If you have done any serious shopping online, you should be aware of the difference between a live auction and an online auction on the Internet. At a live auction you need to be physically present to bid on items up for auction. Whereas at an online auction you can place your bid from any available computer with an Internet connection.
And of course there are online web sites where a person can buy almost any item that might capture his or her interest. This is where most coin collectors purchase their desired coins. By searching and finding the items that they want, they can negotiate and do the payments through the Internet. Although this can be somewhat risky to trust an unknown seller, many people still make these types of transactions online.

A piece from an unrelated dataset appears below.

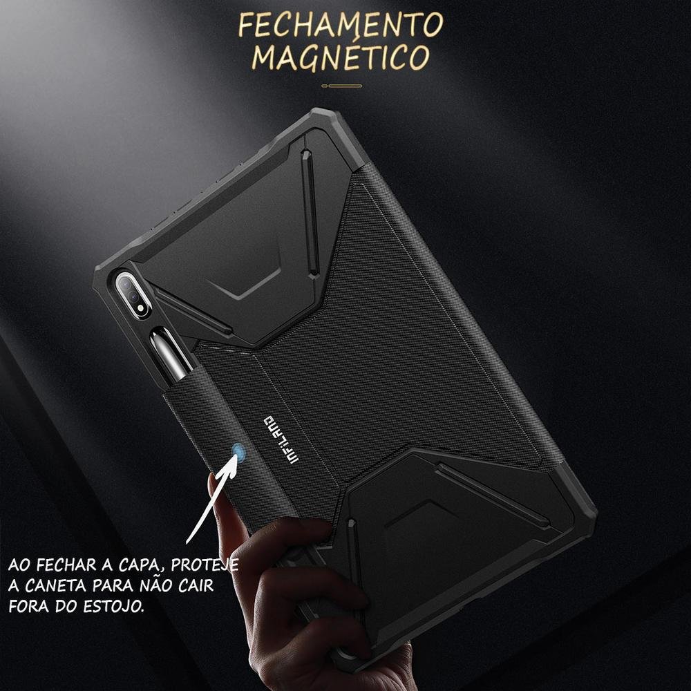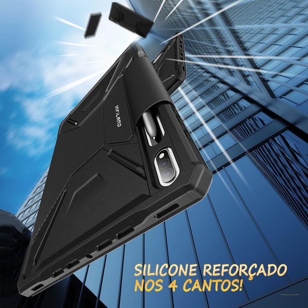 Destacamos: - acabamento premium oferecendo proteção anticolisão, antirrespingos e antirriscos. - capa macia de silicone e reforço nos quatro cantos. Espessura nos cantos de 5mm. - recorte preciso, para saídas e entradas como alto-falantes e câmera. - função wake-sleep: ativa a tela ao abrir e desativa ao fechar. - possui suporte para caneta modo vídeo desfrute do modo apoio facilitando o seu dia à dia para assistir vídeos, slides e digitar, com diferentes ângulos.

Fraud on the Internet is very common nowadays, although many of the web sites online downplay the risk of online fraud as something not worth worrying about. They might throw out some statistic that only 0.0025 percent of real fraud occurs online at all.

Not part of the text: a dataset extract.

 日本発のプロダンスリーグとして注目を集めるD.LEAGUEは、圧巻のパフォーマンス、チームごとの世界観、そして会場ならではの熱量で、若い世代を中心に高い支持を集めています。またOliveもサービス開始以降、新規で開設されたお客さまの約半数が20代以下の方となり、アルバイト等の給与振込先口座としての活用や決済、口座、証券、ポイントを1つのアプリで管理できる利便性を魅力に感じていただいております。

This would mean that only one out of 40,000 listed Internet transactions could be considered fraudulent. On the other hand, the FBI has their own investigations, which prove that online fraud is much higher.

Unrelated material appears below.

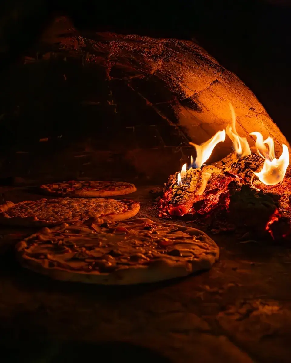 • Skutečná dřevěná pec na pizzu.

You probably rely on the FBI’s statistics about online fraud. Of course no can ever really know how many online transactions are fraudulent because many will not be reported for various reasons.
Granted most online transactions of coins are honest and credible, however the process in which the transaction is made is often questionable and uncertain. There are some business transactions which are directly committing fraud to their clients and buyers. Aside from flea market dealers, mail-order coin dealers, in-person auctions, and some coin stores, the Internet has introduced a whole new way of fraud to people who do this for a living.
One protection that a prospective coin buyer should know is how to leave effective “feedback” at an online auction. In this way, a person can see the ratings of the other bidders and the seller. If there is a great risk for a fraud per “negative feedback” you can reconsider whether you want to bid on that particular auction.
You might even acquire some new ideas by looking at those bidders who also left “positive feedback,” and compare it to the reaction of those particular sellers. All of this will help you to avoid sellers who may not be what they claim to be.
There are instances that a collector has been fooled in the item he purchased online. The photo displayed on the website shows a coin that the collector wants, but the coin they receive does not match the photo displayed.
This is one type of online fraud. As a shopper, you must do your best to make sure that the coin you saw in the photo is the same exact coin that gets delivered to you. Here are some tips to help you avoid online coin frauds:
1. You should save a copy of the online photo of the coin when you decide to purchase the coin. Fraudulent sellers often remove the image and the title of the item once the transaction has been made.
2. You should save or print out a copy of the auction listing and other pertinent information.
3. If you have any suspicions regarding the auction, you should ask for clarification from the seller. This will help avoid any misunderstandings and confusion on your part.
4. You should be aware of the current market value of the coin you want to buy. Fraudulent sellers often overgrade and over-price coins.
These are only a few tips that will ensure your safety when you make any transactions online. Fraud can happen to anyone, especially collectors looking to buy rare coins online. Always be informed about the coin you want to buy, and do not fail to report a fraudulent transaction if you fall victim to one.